Minister of Sport, Culture and Heritage
- In office August 17, 2017 – January 18, 2022
- Premier: Brian Pallister Kelvin Goertzen Heather Stefanson
- Preceded by: Rochelle Squires
- Succeeded by: Andrew Smith

Minister of Sustainable Development
- In office May 3, 2016 – August 17, 2017
- Premier: Brian Pallister
- Preceded by: Tom Nevakshonoff
- Succeeded by: Rochelle Squires

Member of the Legislative Assembly of Manitoba for Kildonan-River East
- In office September 10, 2019 – September 5, 2023
- Preceded by: first member
- Succeeded by: Rachelle Schott

Member of the Legislative Assembly of Manitoba for River East
- In office April 19, 2016 – September 10, 2019
- Preceded by: Bonnie Mitchelson
- Succeeded by: riding dissolved

Personal details
- Party: Progressive Conservative

= Cathy Cox (Canadian politician) =

Canadian provincial politician

Cathy Cox is a Canadian provincial politician, who was elected as the Member of the Legislative Assembly of Manitoba for the riding of River East in the 2016 election. She is a member of the Progressive Conservative Party of Manitoba (PCs). She held the riding for the party after incumbent MLA Bonnie Mitchelson did not stand for re-election.

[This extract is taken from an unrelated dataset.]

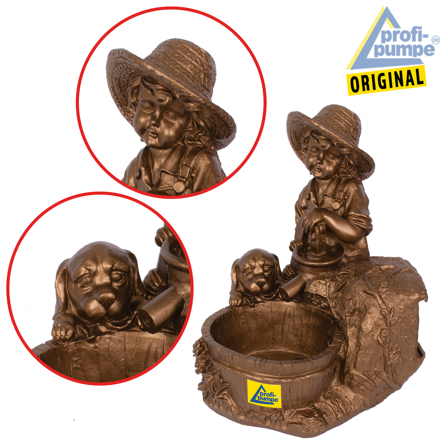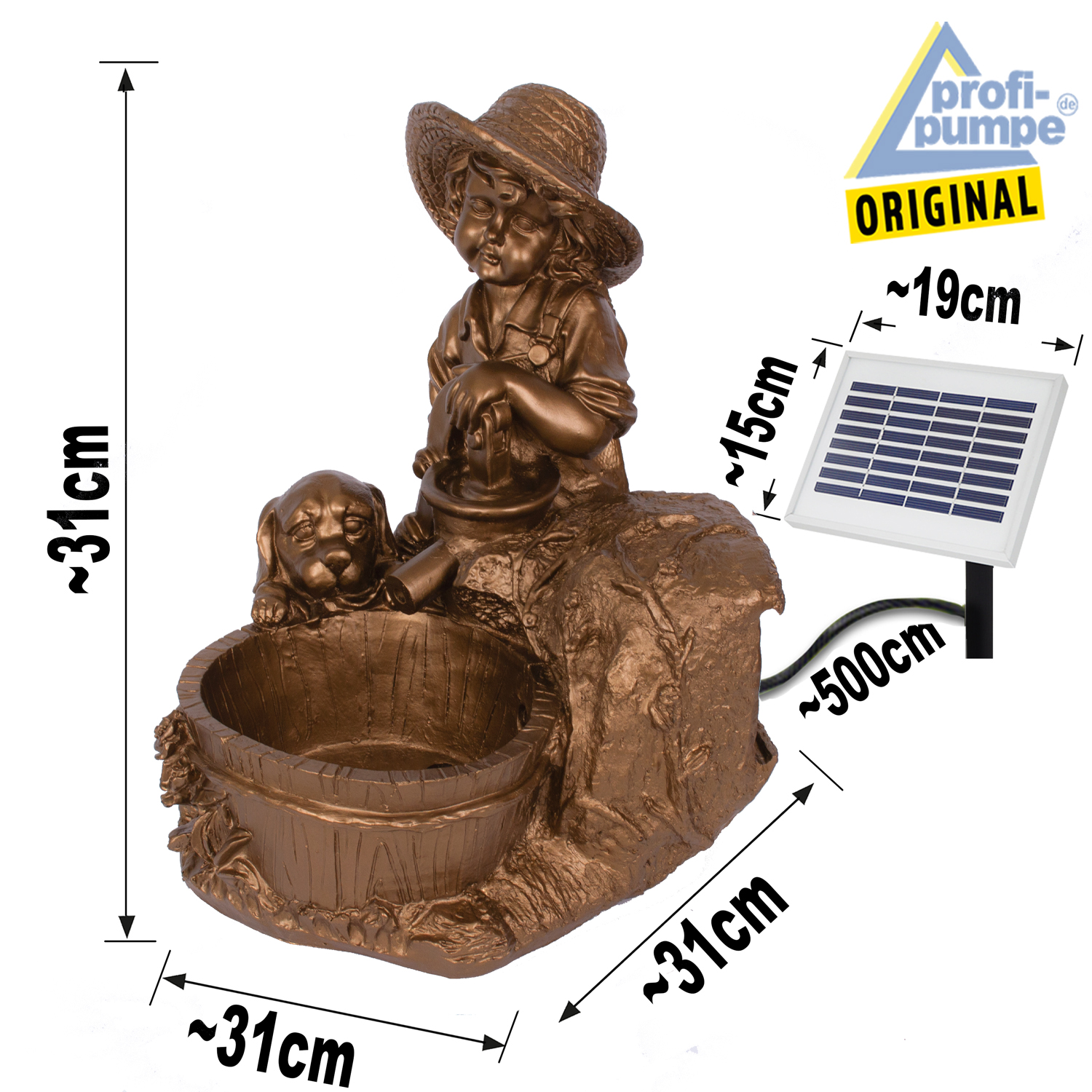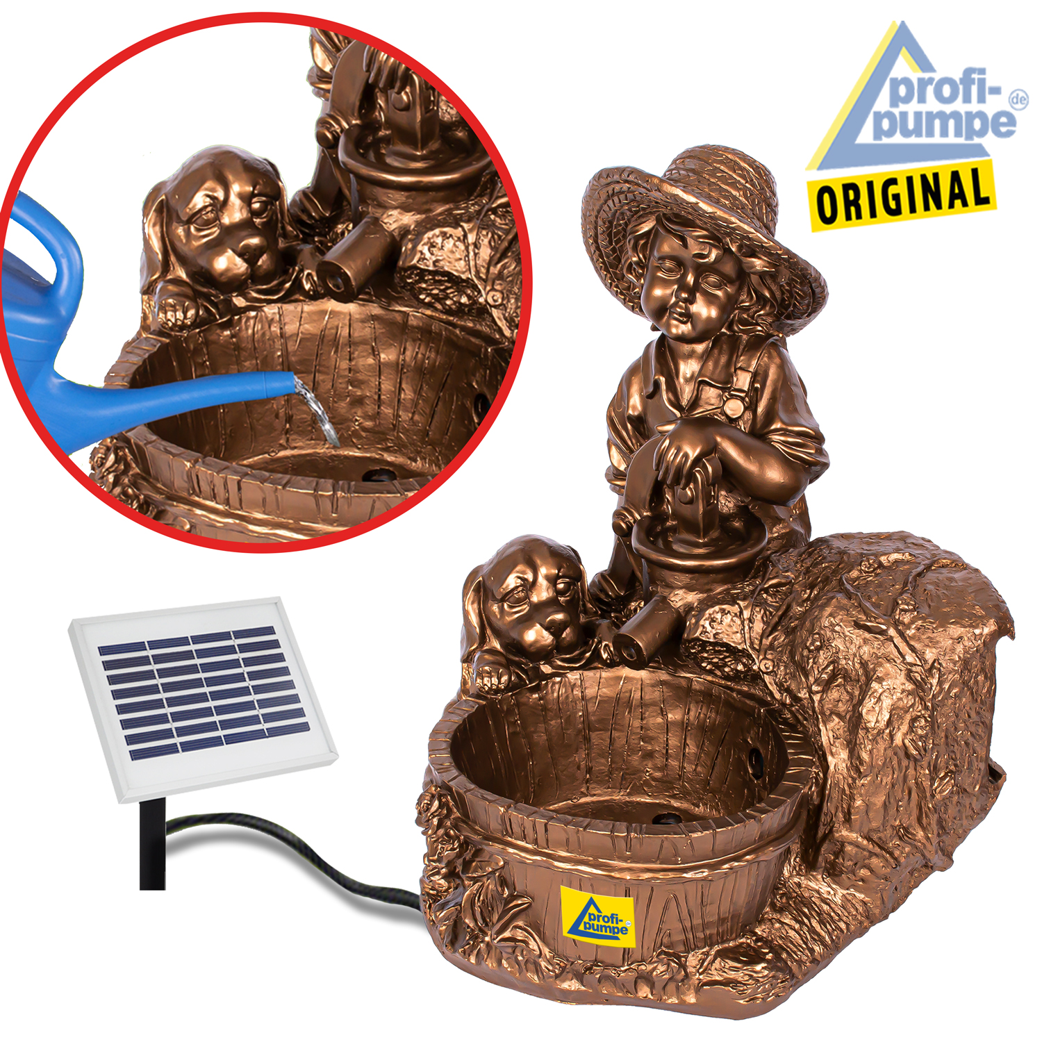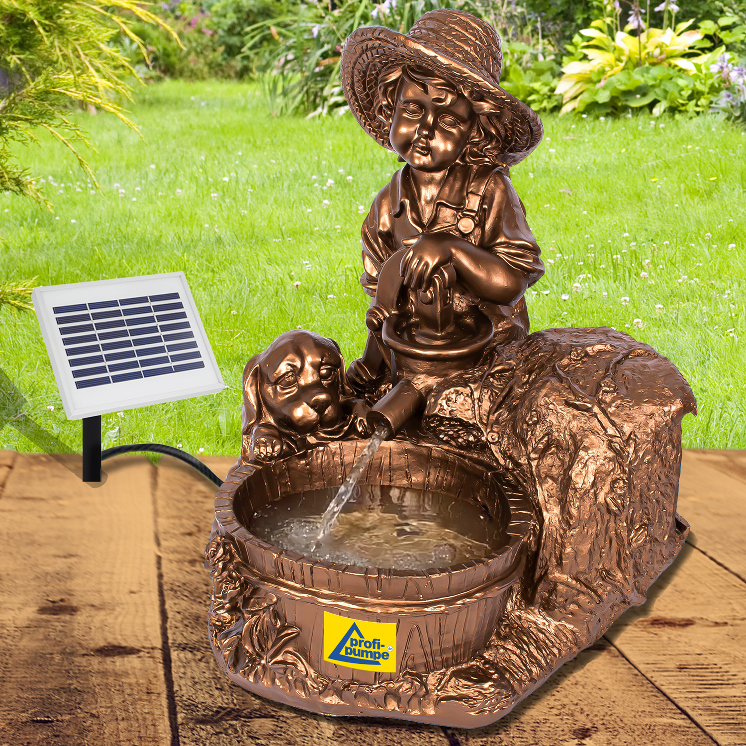 Solar Teichpumpen-Set “KNABE mit HUND am BRUNNEN” – Das Lebensgefühl für Ihre Sonnen-Oase!

On 3 May 2016, when the PC government was officially sworn in, Cox was appointed to the Executive Council of Manitoba as Minister of Sustainable Development.

On 17 August 2017, Cox was named Minister of Sport, Culture and Heritage.

She was re-elected for Kildonan-River East in the 2019 provincial election, the first after the decennial electoral redistribution that occurred the previous year.